# Silverstone Raven RVZ01 listed



## dom99 (Jan 26, 2014)

Hi, just seen this case is now listed on the silverstone website here

http://www.silverstonetek.com/raven/products/index.php?model=RVZ01&area=en

I'm going to get this when I can find a seller in the UK, but if you don't like the styling you can wait for the Silverstone Milo ML07.

It says it can take a 240mm rad but in a case that small I just can't see it


----------



## Fourstaff (Jan 26, 2014)

I don't see where it says it can take 240mm rads.


----------



## dom99 (Jan 26, 2014)

Fourstaff said:


> I don't see where it says it can take 240mm rads.



Ah yes it doesn't specify radiator size but one can be mounted underneath the graphics card, on page 31 of the manual it talks about the stacked power connector possibly interfering with the radiator, and underneath the gpu are two 120mm fan vents, therefore it indicates one is meant to be mounted here.

Page 30 also mentions that custom loops can be built inside with reference to a specific pump.

You can also get a 120mm rad positioned above the CPUCPU


----------



## RCoon (Jan 26, 2014)

It is entirely possible







EDIT: Quick addition regarding radiator above CPU


----------



## dom99 (Jan 26, 2014)

RCoon said:


> It is entirely possible
> 
> 
> 
> ...


Ah yeh thanks for the images, hopefully only a week or so until it goes on sale, my only concern is the sfx power supply not having enough juice as the seem to all be a bit underpowered


----------



## TRWOV (Jan 26, 2014)

I've found my Steam Box


----------



## Vario (Feb 4, 2014)

The Made In China back part kinda bothers me, the rest really looks slick.

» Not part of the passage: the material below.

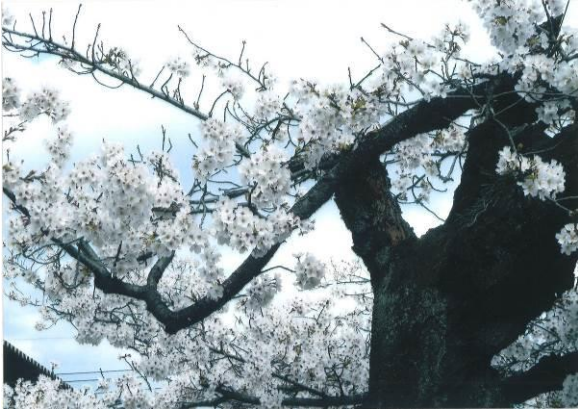
け 上佐鳥町公民館

今年は冬から春にかけて異常なまでの高温が続き、桜の開花も昨年と比べ1週間も早く咲きました。この報告書を作っている今日(3/24)は樹齢72年の歳月を経て、頑張っ、咲き誇っている桜吹雪が見事です。(隊員番号29)

Heres a review http://www.pcper.com/reviews/Cases-...n-Z-RVZ01-Mini-ITX-Case-Steam-Machine-Chassis


----------



## qiong (Feb 7, 2014)

It's possible to install a AIO water cooling for this case, I've already built one, with Coolermaster Seidon 120V, it works but quite noisy, I will suggest to install Silverstone's  NT06-PRO instead.


----------



## Animalpak (Mar 25, 2014)

Im on the way to build a steam box rig with this case too.

I suggests to wait this PSU release from Silverstone with 600 watt SFX from factor. Q2 Q3 2014 !

http://www.gamers.at/wp-content/upl...-sfx-netzteil-fuer-htpcs_193313-1864x1242.jpg



When will be available then everybody wants to build a powerful steam box gaming rig.

With 600 watt you can run 4770K overclocked and 780 Ti without any hiccups.


----------